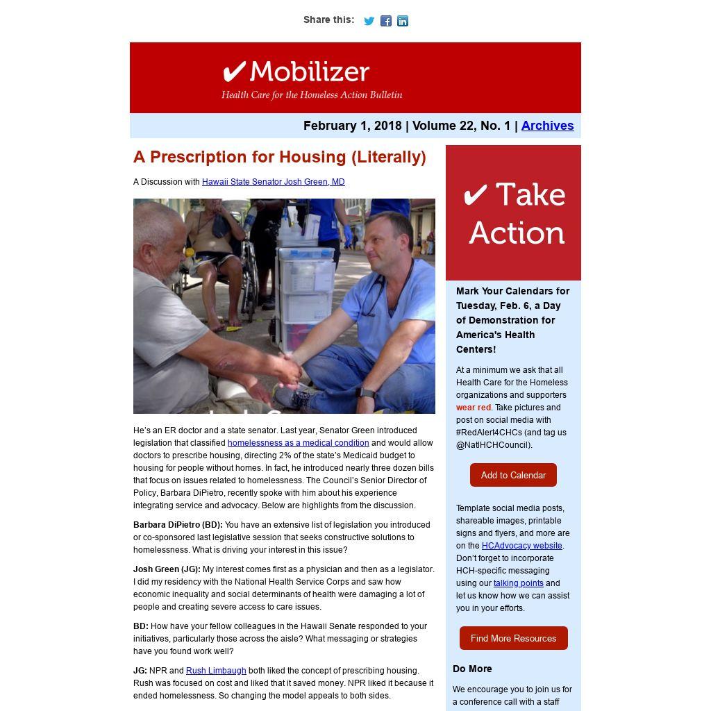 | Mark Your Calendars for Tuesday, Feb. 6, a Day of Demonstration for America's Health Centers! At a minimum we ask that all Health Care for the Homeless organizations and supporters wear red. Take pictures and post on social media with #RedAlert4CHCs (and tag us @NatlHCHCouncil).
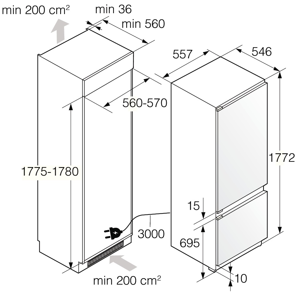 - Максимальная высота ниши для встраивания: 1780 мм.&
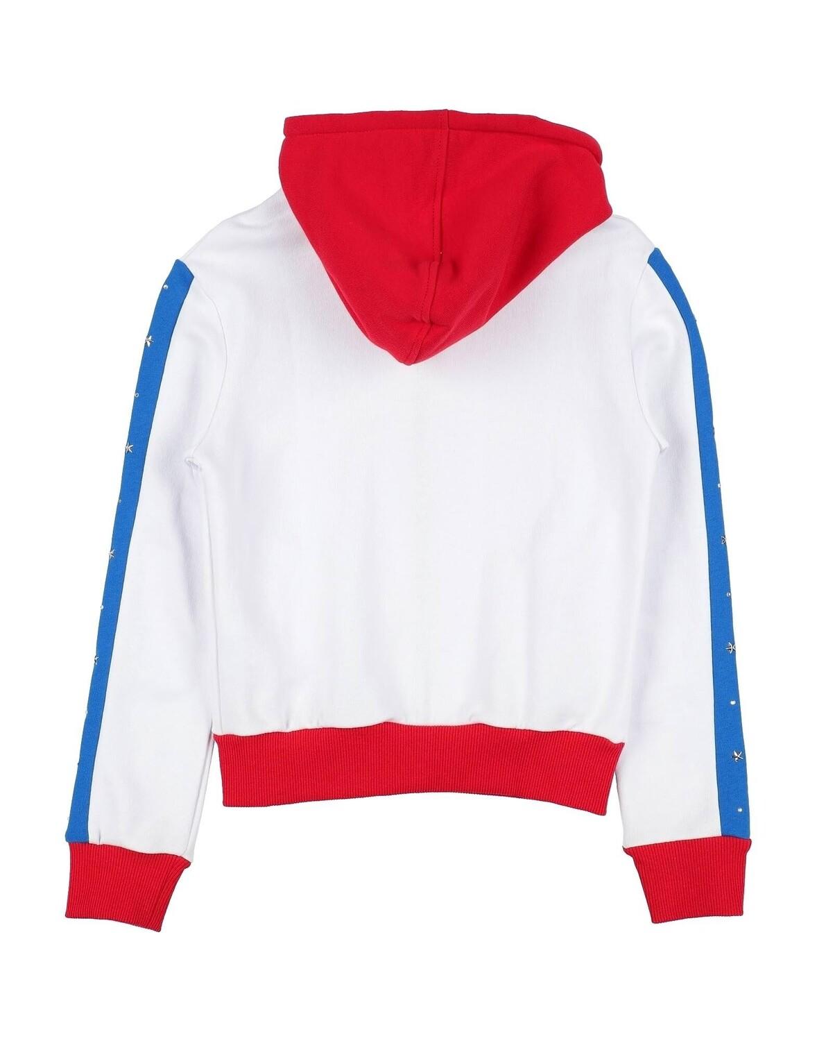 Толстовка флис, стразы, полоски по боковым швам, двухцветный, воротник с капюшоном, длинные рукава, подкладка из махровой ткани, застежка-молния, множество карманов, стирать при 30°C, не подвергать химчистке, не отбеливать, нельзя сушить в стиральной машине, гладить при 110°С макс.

== ACTIVITY ==
Write out the whole listing again, exactly, with no pictures.

== ANSWER SPACE ==
 | Mark Your Calendars for Tuesday, Feb. 6, a Day of Demonstration for America's Health Centers! At a minimum we ask that all Health Care for the Homeless organizations and supporters wear red. Take pictures and post on social media with #RedAlert4CHCs (and tag us @NatlHCHCouncil).
 - Максимальная высота ниши для встраивания: 1780 мм.&
 Толстовка флис, стразы, полоски по боковым швам, двухцветный, воротник с капюшоном, длинные рукава, подкладка из махровой ткани, застежка-молния, множество карманов, стирать при 30°C, не подвергать химчистке, не отбеливать, нельзя сушить в стиральной машине, гладить при 110°С макс.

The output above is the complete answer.